WORK INSTRUCTIONS> Your answer must be the line containing "Günlük Kız Çocuk" and each following line to the end of the listing below, copied exactly, with pictures removed and nothing added.

GIVEN RECORDS>
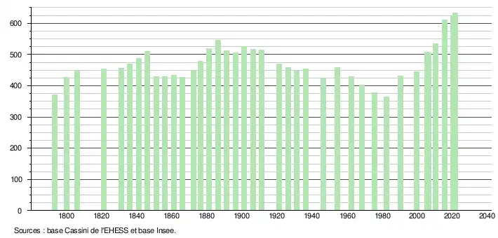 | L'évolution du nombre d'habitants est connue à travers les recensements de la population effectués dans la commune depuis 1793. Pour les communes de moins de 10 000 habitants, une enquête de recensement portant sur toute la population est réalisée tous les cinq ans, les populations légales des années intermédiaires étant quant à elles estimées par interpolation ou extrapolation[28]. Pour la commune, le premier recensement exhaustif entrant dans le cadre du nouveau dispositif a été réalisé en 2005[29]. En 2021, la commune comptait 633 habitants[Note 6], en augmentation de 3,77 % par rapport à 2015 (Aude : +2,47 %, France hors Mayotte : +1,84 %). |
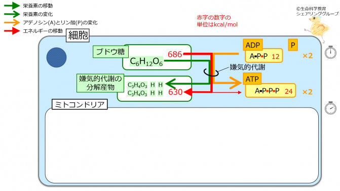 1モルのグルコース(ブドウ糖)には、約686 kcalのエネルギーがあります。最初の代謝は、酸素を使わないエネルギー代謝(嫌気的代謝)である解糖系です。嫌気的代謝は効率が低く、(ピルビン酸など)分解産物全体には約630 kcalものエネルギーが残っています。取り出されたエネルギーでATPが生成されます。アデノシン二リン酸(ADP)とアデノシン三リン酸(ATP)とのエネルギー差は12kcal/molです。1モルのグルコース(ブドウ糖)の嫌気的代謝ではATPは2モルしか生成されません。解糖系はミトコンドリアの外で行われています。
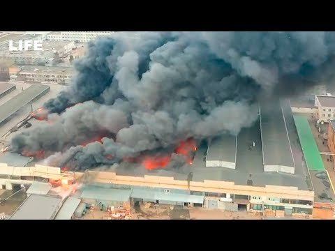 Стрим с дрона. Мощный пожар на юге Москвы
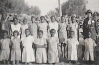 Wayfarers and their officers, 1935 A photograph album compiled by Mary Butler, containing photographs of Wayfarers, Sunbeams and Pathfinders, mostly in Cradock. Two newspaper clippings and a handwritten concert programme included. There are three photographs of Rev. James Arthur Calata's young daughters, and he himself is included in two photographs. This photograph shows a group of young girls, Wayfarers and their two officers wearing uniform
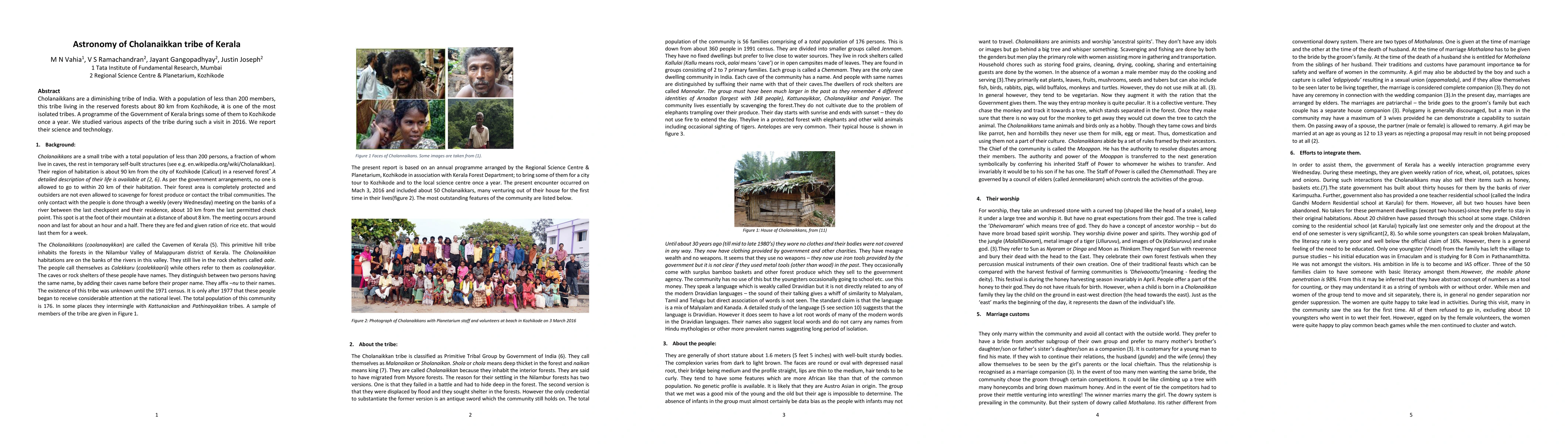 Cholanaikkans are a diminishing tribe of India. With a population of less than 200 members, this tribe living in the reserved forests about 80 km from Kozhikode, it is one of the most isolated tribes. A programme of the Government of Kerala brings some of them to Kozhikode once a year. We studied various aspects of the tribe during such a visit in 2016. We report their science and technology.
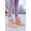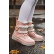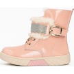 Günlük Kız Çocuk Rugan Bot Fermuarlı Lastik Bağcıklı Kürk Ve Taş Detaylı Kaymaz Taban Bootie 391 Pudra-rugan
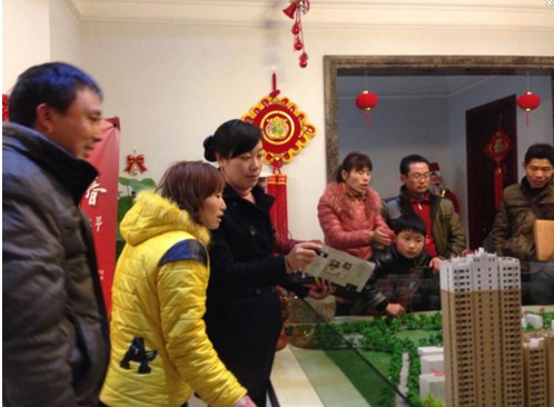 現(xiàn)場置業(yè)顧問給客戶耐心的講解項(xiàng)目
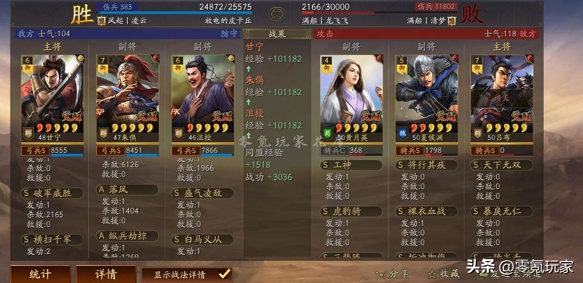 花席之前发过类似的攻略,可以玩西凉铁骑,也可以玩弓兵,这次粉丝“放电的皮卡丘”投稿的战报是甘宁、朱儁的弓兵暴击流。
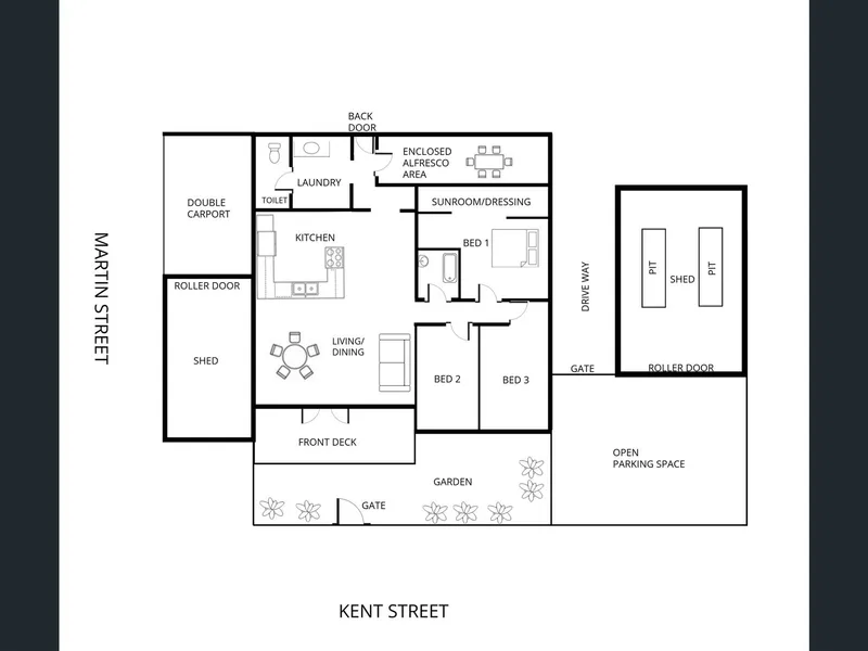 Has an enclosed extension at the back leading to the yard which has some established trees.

WRITTEN SOLUTION>
 Günlük Kız Çocuk Rugan Bot Fermuarlı Lastik Bağcıklı Kürk Ve Taş Detaylı Kaymaz Taban Bootie 391 Pudra-rugan
 現(xiàn)場置業(yè)顧問給客戶耐心的講解項(xiàng)目
 花席之前发过类似的攻略,可以玩西凉铁骑,也可以玩弓兵,这次粉丝“放电的皮卡丘”投稿的战报是甘宁、朱儁的弓兵暴击流。
 Has an enclosed extension at the back leading to the yard which has some established trees.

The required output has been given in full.